[Graduates of nonelite law schools] are . . . important cultural cogs in making the Constitution a living institution. Con law classic does a poor job of teaching students the role that the Constitution plays in political life.No, with all due respect, the fault does not lie in the course. It lies in the impoverished imagination and perverse priorities of some (though not all) teachers of constitutional law.
Or perhaps you believe, not merely defensibly but quite correctly, that there are key episodes in constitutional history that never quite made it to the courts. Fair enough. Teach them. The cases give you all the leverage you need. Want to talk about slavery, nullification, and secession? They're all wrapped up in the Missouri Compromise, which unraveled in a rather notorious case styled Scott v. Sandford. The ultimate fate of the Second Bank of the United States? Easy discussion after McCulloch v. Maryland. The amendment process? Just ask what business the Court had deciding Craig v. Boren as it did while the Equal Rights Amendment hung in the balance. Political questions? Presidential elections? So the Supreme Court went, in a matter of speaking, to the Tilden-Hayes election. In our time, Bush v. Gore came to the Court.

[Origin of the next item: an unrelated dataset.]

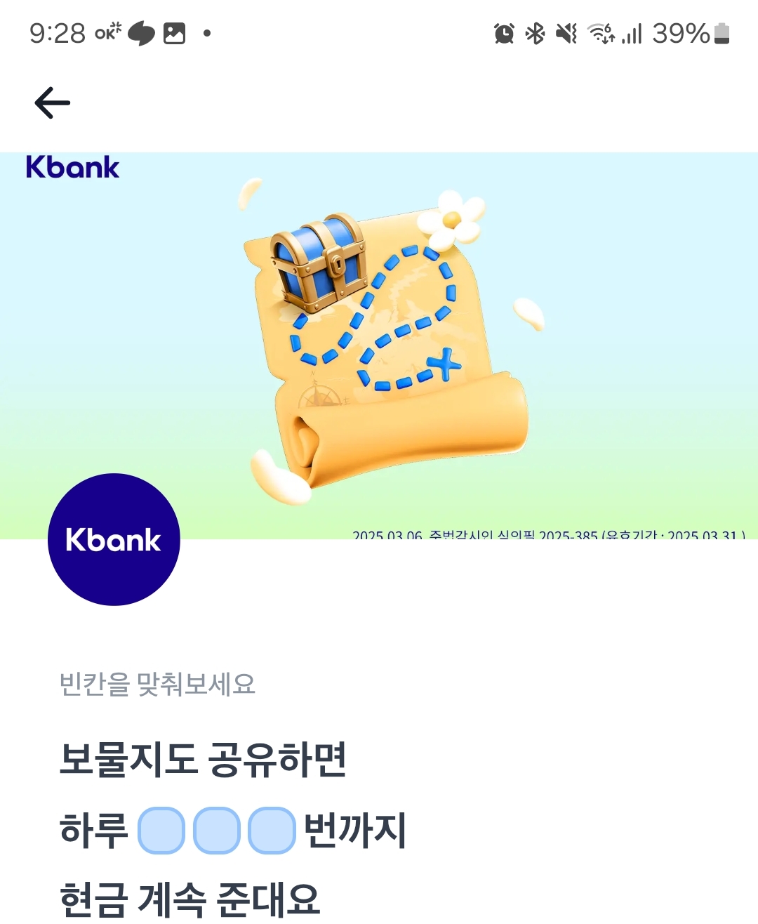 kbank 보물지도 공유하면 하루 ㅇㅇㅇ번까지 현금 계속 준대요

A shocking number of constitutional law teachers, including widely published constitutional scholars, disdain the traditional sequence because they have neither patience for nor mastery of the case law. Ahem. That's what lawyers do. Okay, lawyers do other things. But those who routinely put their Supreme Court bar admissions to work (as opposed to treating them as office decorations) assuredly know their cases. At least after a little work, so do business lawyers looking for a way to navigate around an anti-corporate farming statute, partisan manipulation of public contracting, or suspiciously protectionist mineral severance taxes. The lawyers who do their jobs well are the ones who get to attend the cocktail parties where the most influential political punditry takes place.
Here's my challenge to the legal profession's tenured class: If you find Supreme Court cases intellectually "uninteresting" or otherwise inadequate to the task of training future lawyers how to think critically about the American political system, find another course to teach. There is no shortage of law professors who would deliver exciting, enduring content that will shape future lawyers even as it trains them. Your associate dean would appreciate some effort on your part to couple your advanced constitutional law seminar with a higher-enrollment course, but a discussion of decent attitudes about course assignments is fodder for future MoneyLaw posts.
The United States of 1787, I am proud to say, is one I do not recognize as my own. And the story of today's Constitution, interpreted by judges, politicians, and citizens and sketched both within and beyond United States Reports, is well worth teaching.